Dear Roger, LF Group,
Also, you do wonder with the network of gas pipes, water pipes,
electricity
pylons, phone lines etc criss-crossing vast swathes of countryside just
how
far "utility assisted" (for the want of a better term) earth mode VLF
comms
could travel.
VLF signal propagation via utility pipes and cables is widely used by
contractors as a method for pipe and cable location, and there has been
equipment commercially available for many years - see for example the quite
informative brochure at
http://www.radiodetection.com/doclib/RDTheoryManual_complete08_en.pdf
The equipment comprises a detector, which can detect magnetic fields due to
mains frequencies, ambient signals from VLF utilities that couple to buried
conductors, or a VLF or audio signal from a "Genny" low-power transmitter
unit which can be directly or inductively coupled to the buried conductor.
I'm told by people who use these things that plastic pipes are supposed to
be installed with a tracer wire to make location easier, but this doesn't
always happen ... different buried conductors can also couple to each other,
and wild goose chases are apparently not unusual!
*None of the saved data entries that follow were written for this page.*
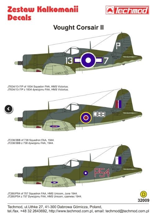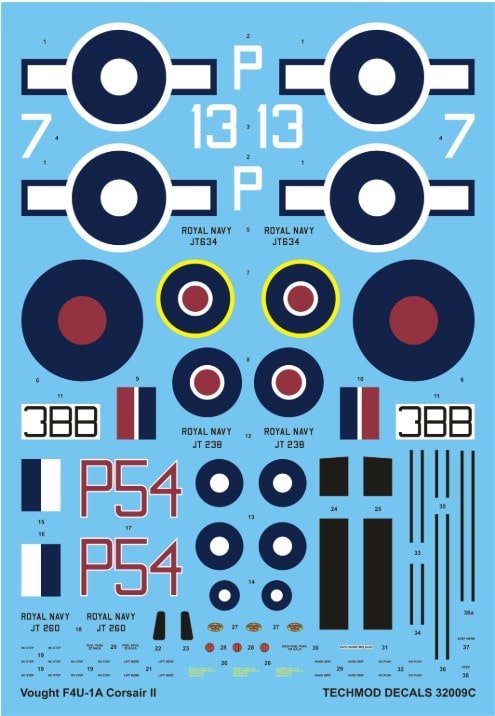 En conclusion, la planche TECHMOD TM32009 représente un choix incontournable pour les maquettistes souhaitant reproduire un Vought F4U-1A Corsair Royal Navy avec des marquages authentiques et détaillés.
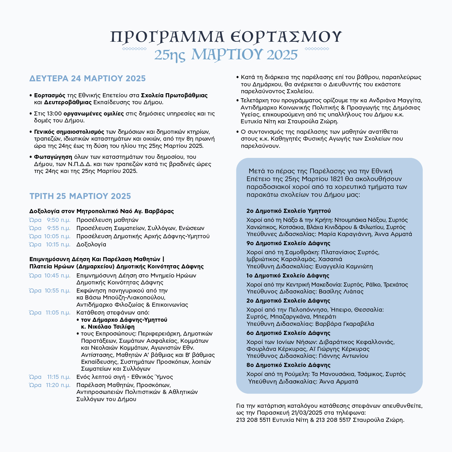• Γενικός σημαιοστολισμός των δημόσιων και δημοτικών κτηρίων, τραπεζών, ιδιωτικών καταστημάτων και οικιών, από την 8η πρωινή ώρα της 24ης έως τη δύση του ηλίου της 25ης Μαρτίου 2025.
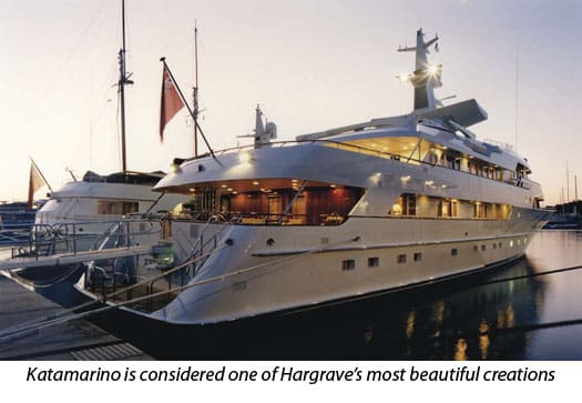 In 1991, Hargrave designed his largest yacht and one that has been called his most beautiful: the 184-foot Katamarino built by Amels. After a minor stroke, he scaled back his staff and took only clients or projects that he enjoyed. He claimed he was in “semi-retirement” because he no longer worked Sunday afternoons.
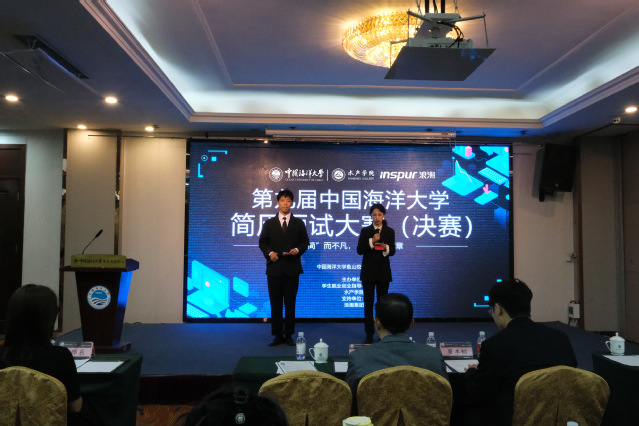4月24日,中国海洋大学第九届简历面试大赛决赛在鱼山校区学术交流中心隆重举行。经过初赛、复赛激烈角逐,来自不同澳门彩票 的10位选手晋级决赛进行现场展示。本次大赛由学校学生就业创业指导与服务中心主办,澳门彩票 承办,浪潮集团支持。受邀出席本次比赛的有学生就业创业指导与服务中心副主任颜彬、浪潮集团人力资源经理崔丰韬、山东德衡律师事务所联席合伙人李冬昀、赛轮集团HRBP张晔辰、青岛宏巨国际物流有限公司招聘经理刘言。
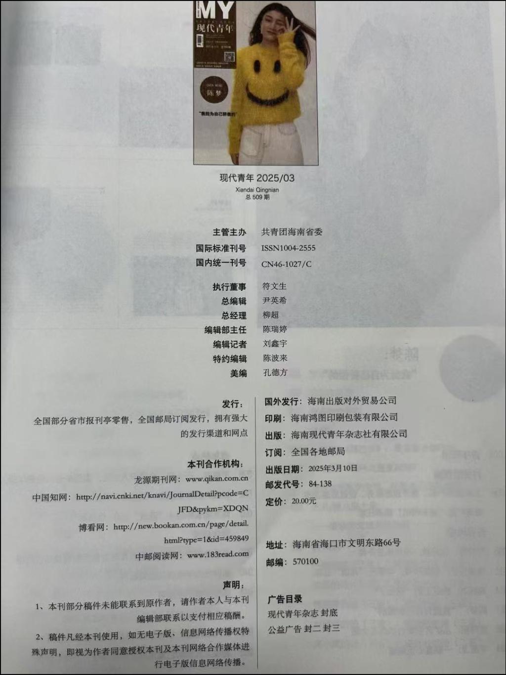 周小岚同学组诗发表于共青团海南省委主办的《现代青年》诗歌栏目(2025年第3期)
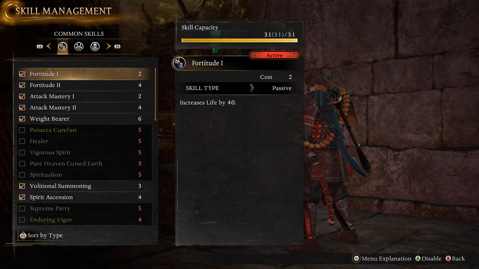Common skills include Double Fortitude, Double Attack, Weightbearer, Valitional, Spirit Ascension, Awakening, and Amplification for fast multi-buffing.

I don't know about buried conductors, but overhead telephone and power lines
are the norm around my QTH, and when I have made mobile field strength
measurements there have certainly been observable effects on 136k and 500k
signals. In particular, overhead lines that are aligned in a radial
direction from the transmitter produce peaks and nulls in the apparent field
strength when the measuring receiver is close to them, corresponding to a
standing wave pattern along the line. This means you have to be quite
careful about choosing sites to make FS measurements - there seems to be
much less effect when the overhead line is at right angles to the direction
of the transmitter. However, the overall results of the FS measurements
indicate that this kind of coupling only has a very localised effect near to
the coupled conductor - it certainly does not seem to enhance the overall
radiated signal at these frequencies, although VLF might well be different.